福島県教育センター所報ふくしま No.109(H05/1993.11) -009/038page
所員個人研究
技術・家庭科「情報基礎」領域の制御に関する教材開発
科学技術教育部 技術・家庭教育係 片 寄 信
1.はじめに
中学校技術・家庭科の新設領域である「情報基礎」は,コンピュータの操作等を通して,その役割と機能について理解させ,情報を適切に活用する基礎的な能力を養うことを目標とし,指導項目は(1)コンピュータの仕組み,(2)コンピュータの基本操作と簡単なプログラムの作成,(3)コンピュータの利用,(4)日常生活や産業の中で情報やコンピュータが果たしている役割と影響となっている。
ここで,コンピュータの機能の一つである,「制御」については,ファクトリオートメーション(FA)が指導項目(3)「コンピュータの利用」で取り扱うが概念の理解までは触れられていない。そのため,「制御」の教材を開発し,生徒の体験的な活動を通して基本的な概念を理解させたいと考えた。

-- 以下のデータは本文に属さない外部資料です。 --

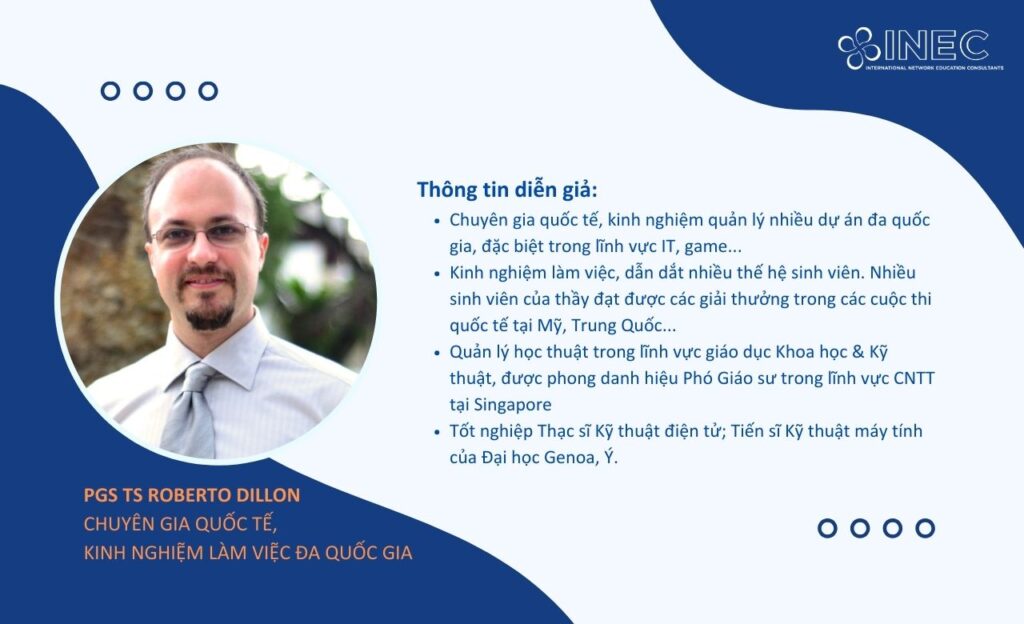 Mời bạn đến với Hội thảo các nước do INEC tổ chức tại TP. Hồ Chí Minh để nhận thêm thông tin và sự tư vấn hữu ích giúp chọn ngành, chọn nghề chính xác hơn! Diễn giả khách mời – PGS TS. Roberto – một chuyên gia quốc tế có kinh nghiệm học tập, giảng dạy và làm việc trong nhiều dự án đa quốc gia đang sẵn sàng đem đến góc nhìn cận cảnh bức tranh xu hướng nghề nghiệp trên thế giới hiện nay.

そこで,発光ダイオードやブザー,モーターなどの身近なものを,パソコンで制御する簡易な制御教材を開発することにした。2.本研究の制御に関する理論
(1)制御のシステム
BASIC言語により,プリンタインターフェースを介して発光ダイオード・ブザー・モーターを制御する。
(2)トランジスタのスイッチング回路
図1のように,VinによってR2にIbが流れた時のみ,R1にIが流れるというスイッチング作用を利用する。
図1 トランジスタのスイッチング回路
(3)セントロニクスインターフェース
パソコンからの制御の信号は,プリンタ端子から出力されるが,プリンタに接続されているコネクタやケーブルのプラグはセントロニクスインターフェースに準拠している。
このインターフェースは,アメリカのセントロニクス社が自社のプリンタ用に開発したインターフェースである。
(4)プリンタの出力制御命令と2進数
コンピュータのBASIC言語のOUT命令によって作業の指示を行う。
OUT 出力アドレス,出力データ
出力アドレスに出力データを出力しなさいという内容の命令である。出力アドレスは,コンピュータの機種により異なり,本研究ではPC98を用いたので,10進数で64とした。出力アドレスやデータは,通常16進数表示を用いるが,本研究では10進数表示で行った。